Electronic Gaming Machines

 

·                  Revenues increased 4 percent to $262 million as compared with $251 million last year, driven by the shipment of 2,220 units into the Illinois VGT market, 1,517 Equinox units, and 301 ETS seats, partially offset by the absence of 2,026 Canadian VLT units sold in the prior year period.

 

·                  ASP of new gaming devices increased to $16,502 per unit from $16,476 last year, primarily as a result of geographic mix and sales of the Pro Wave cabinet which carry higher ASPs.

 

·                  New-unit sales to international customers were 28 percent of total new unit shipments compared with 17 percent last year.

 

·                  Gross margin decreased to 49 percent from 50 percent last year, primarily driven by $4 million of inventory-related charges that are included in acquisition-related costs.  After adjusting for these costs, gross margin was 51 percent.

 

Gaming Operations

 

·                  Revenues decreased slightly to $301 million as compared with $302 million last year, driven by lower yields on certain variable-fee games, partially offset by record WAP revenue and the inclusion of 2,198 leased ETS seats.

 

·                  Gross margin decreased to 68 percent from 70 percent last year, primarily due to higher-than-expected jackpot expenses and $1 million of asset-related charges that are included in acquisition-related costs.  After adjusting for asset-related charges, gross margin was 69 percent.

 

Systems

 

·                  Revenues increased 41 percent to a record $252 million as compared with $179 million last year, driven primarily by hardware revenue.

 

·                  Maintenance revenues increased 10 percent to a record $74 million as compared with $67 million last year.

 

·                  Gross margin decreased to 72 percent from 75 percent last year, primarily as a result of the change in mix of products.  Specifically, hardware sales were 38 percent of systems revenues, and software and service sales were 33 percent, as compared to 30 percent for hardware sales and 33 percent for software and services sales in the same period last year.

 

Table Products

 

·                  Revenues from Table Products were $58 million, with Utility products revenue of $38 million and PTG revenue of $20 million.

 

·                  Gross margin was 68 percent.  Gross margin was impacted by $3 million of inventory-related charges that are included in acquisition-related costs.  After adjusting for these costs, gross margin was 74 percent.

 

4



 

Fiscal 2014 Business Update

 

The Company updated full-year fiscal 2014 guidance for Adjusted EPS to $4.35 to $4.50.  Adjusted EPS is calculated in accordance with the table included in this press release.  The range excludes current and expected losses from unfavorable foreign currency movements.  For clarity, this guidance includes $3.21 per share of results for the nine months ended March 31, 2014 which is comprised of Adjusted EPS of $3.12 plus an add-back of $0.09 per share loss from unfavorable foreign currency movements incurred during the first nine months of fiscal 2014.  This results in a range of Adjusted EPS expected for the remaining three months of fiscal 2014 of $1.14 to $1.29.

 

The Company has provided this range of adjusted earnings guidance for fiscal 2014 to give investors general information on the overall direction of its business at this time.

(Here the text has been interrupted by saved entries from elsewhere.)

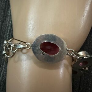 This elegant bracelet features stunning pink stones set in a sleek silver design. Perfect for adding a touch of sophistication to any outfit. Stamped 925
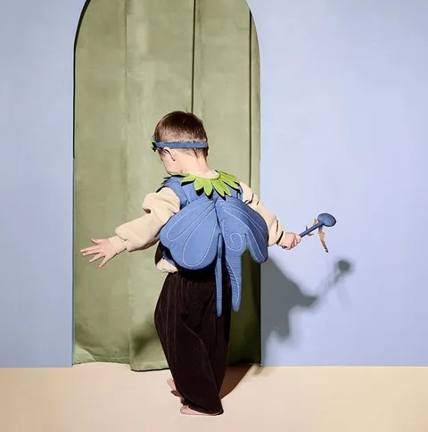 En blå väst, blå vingar och ett blåbär på huvudet – det här är kostymen för barn som vill förvandla leken till ett sagoskogsäventyr. Västen har rundad framkant, krage med gröna blad och små vadderade vingar på ryggen. I setet ingår också ett hårband med ett blåbär som dekoration och en matchande trollstav. Kanske för att strö lite blåbärsmagi över leken? Samla på låtsasbär i en påhittad skog eller hitta på egna små sagor där blåbär spelar huvudrollen.
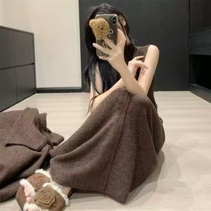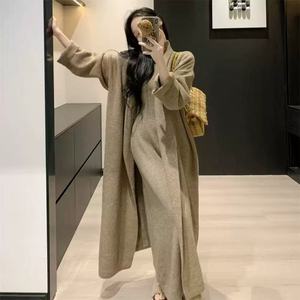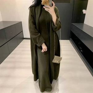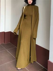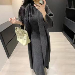 香港スタイルのレトロなロングニットカーディガンハイカラードレスツーピースセット女性のための秋と冬の気質セータースーツ女性のための
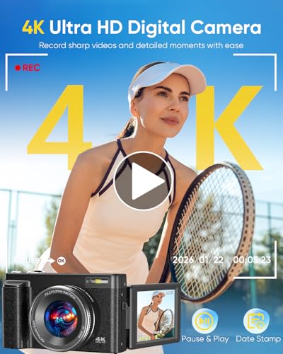 【4K Video & 64MP Photos】——Capture sharp Ultra HD footage and detailed high-resolution images with this 4K digital camera, designed for everyday shooting and creative recording. It works perfectly as a 4K digital camera for photography, helping you preserve travel memories, daily life, and special moments with clear and vibrant results.

The guidance provided is subject to numerous uncertainties, including, among others, overall economic and capital market conditions, the market for gaming devices and systems, changes in gaming legislation, the timing of new jurisdictions and casino openings, the timing and completion of new systems installations, competitive product introductions, complex revenue recognition rules related to the Company’s business, and assumptions about the Company’s new product introductions and regulatory approvals.  The Company does not intend and undertakes no obligation to update its forward-looking statements, including forecasts, potential opportunities for growth in new and existing markets, and future prospects for proposed new products.  Accordingly, the Company does not intend to update guidance during the quarter.  Additional information about the factors that could potentially affect the Company’s financial results included in today’s press release can be found in the Company’s Annual Report on Form 10-K and Quarterly Reports on Form 10-Q filed with the U.S. Securities and Exchange Commission.

 

Non-GAAP Financial Measures

 

The following table reconciles the Company’s net income attributable to Bally Technologies, Inc., as determined in accordance with generally accepted accounting principles (“GAAP”), to Adjusted EBITDA:

 

 

 

Three Months Ended

 

Nine Months Ended

 

 

 

March 31,

 

March 31,

 

 

 

2014

 

2013

 

2014

 

2013

 

 

 

(in millions)

 

Net income attributable to Bally Technologies, Inc.

 

$

27.4

 

$

38.4

 

$

86.4

 

$

104.1

 

Interest expense, net

 

18.8

 

3.2

 

30.1

 

9.8

 

Income tax expense

 

16.2

 

17.5

 

44.5

 

55.3

 

Depreciation and amortization

 

41.3

 

22.4

 

93.4

 

66.0

 

Share-based compensation

 

3.3

 

3.5

 

10.4

 

9.7

 

Acquisition-related costs

 

6.2

 

 

33.1

 

 

Inventory step-up and obsolescence

 

4.2

 

 

8.4

 

 

Adjusted EBITDA

 

$

117.4

 

$

85.0

 

$

306.3

 

$

244.9

 

 

Adjusted EBITDA is a supplemental Non-GAAP financial measure used by the Company’s management and by some industry analysts to evaluate the Company’s ability to service debt, and is used by some investors and financial analysts in the gaming industry in measuring and comparing Bally’s leverage, liquidity, and operating performance to other gaming companies.  Adjusted EBITDA should not be considered an alternative to operating income or net cash from operations as determined in accordance with GAAP.  Not all companies calculate Adjusted EBITDA the same way, and the Company’s presentation may be different from those presented by other companies.

 

5



 

The following tables reconcile the Company’s GAAP to Non-GAAP Financial Measures:

 

Three Months Ended March 31, 2014

 

 

 

 

 

Gross

 

SG&A

 

 

 

Operating

 

Net

 

 

 

 

 

Revenues

 

Margin (1)

 

Expenses

 

D&A

 

Income

 

Income (2)

 

EPS

 

 

 

 

 

 

 

 

 

 

 

 

 

 

 

 

 

GAAP Measures

 

$

338.4

 

$

211.5

 

$

88.2

 

$

20.5

 

$

66.1

 

$

27.4

 

$

0.70

 

GAAP %

 

 

 

63

%

26

%

 

 

20

%

 

 

 

 

Amortization of purchased intangibles

 

 

 

 

(14.1

)

14.1

 

9.1

 

0.23

 

Acquisition-related costs

 

 

4.2

 

(6.2

)

 

10.4

 

6.7

 

0.17

 

Total adjustments

 

 

4.2

 

(6.2

)

(14.1

)

24.5

 

15.8

 

0.40

 

Adjusted Non-GAAP Measures

 

$

338.4

 

$

215.7

 

$

82.0

 

$

6.4

 

$

90.6

 

$

43.2

 

$

1.10

 

Adjusted %

 

 

 

64

%

24

%

 

 

27

%

 

 

 

 

 


(1)                    Gross Margin excludes amortization related to intangible assets which are included in depreciation and amortization.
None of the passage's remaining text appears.